What makes a good title for a horror movie? Hollywood doesn’t seem to know these days, as evidenced by names like Oculus and too many nouns ending in “ing” (The Awakening; The Conjuring) or adjectives that are rather tame sounding, like Sinister and Insidious. This week’s new release As Above, So Below is either a good title or a bad one, depending on whom you ask, but I’d say its only real problem is that it doesn’t immediately sound like a horror movie.
That doesn’t mean it’s not worth seeing, just maybe that it won’t as easily draw audiences as, say, The Texas Chainsaw Massacre. That’s a title that tells you what you’re in for. Other titles that you know are going to be scary movies include Pet Sematary, A Nightmare on Elm Street, Night of the Living Dead, The Evil Dead, Drag Me to Hell and something as simple as Paranormal Activity.
There’s also the basic but fun one-word titles like Jaws, Psycho, The Thing, Critters, Grabbers, Slither and Scream, all of which give you an idea of what to expect. Then again, not basic can be great, too. You can’t go wrong with one of my personal favorite clever titles: Chopping Mall. I also think Child’s Play is another good one.
I’ve always trusted Stephen King to have titles that work in part because of how they sound, even if they don’t seem to indicate a horror movie on their own at first.
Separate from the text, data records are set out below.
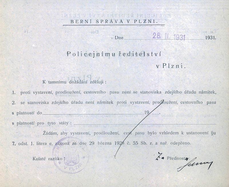 For publication purposes, contact the State Regional Archives in Pilsen, where the original document is located. The document was digitized by the Terezín Initiative Institute, the Terezín Album project.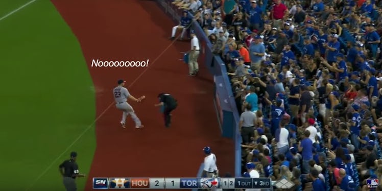 You're standing on the sidelines at a baseball game when you're suddenly knocked over by first baseman AJ Reed who is making a run for the ball as you eagerly try to get out of the way.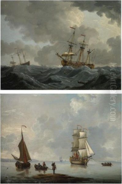 A British Man Of War Being Towed To Anchor; Two Frigates In An Approaching Storm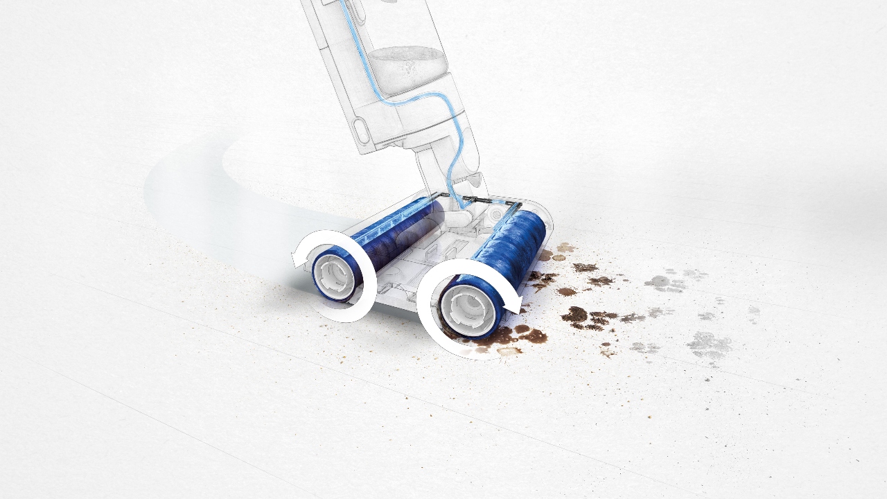 Wet spillages of any consistency are no problem for the WashG1. With just one pass, the dirt and liquid will vanish entirely. This also applies to dried-on stains that have been there for days. However, some tough stains might need several passes for the marks to go away, and that’s also when the ‘Max’ mode comes in handy. “The ‘Max’ mode is a result of our discovery,” Ooi says. “Adding more water is the most effective way to address ingrained spillages. Also, I would say that this mode is quieter than the typical vacuum cleaner in terms of noise levels.”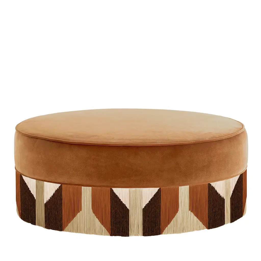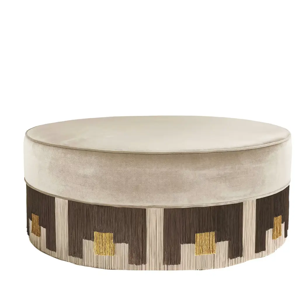 Exotic scenarios come to mind when admiring this round beech pouf from the Mali Collection. The array of lurex and viscose fringes offered in a combination of beige and black with orange accents outlines an intriguing tribal-style pattern counterbalanced in its visual impact by the solid warm-beige velvet covering the seat. Please contact the Concierge for available variants. Each bespoke piece is stamped on the bottom of the pouf’s lining and personally signed, numbered, and dated by designer.

He must think of phonetics when coming up with titles such as The Shining, It, Misery and especially the hard-c ones: Cujo, Christine and Carrie. Anything that makes you think of the sound of a word like kill.
But if you’re not good with what sounds scary, you just need to incorporate words that people associate with and want in their horror: kill, blood, corpse, dead, evil, hell and children are always pretty dependable. Here’s a perfect one that a friend of mine (with a private, nonembeddable Twitter account) reminded me of: Children Shouldn’t Play with Dead Things.
What is the best horror movie title of all time?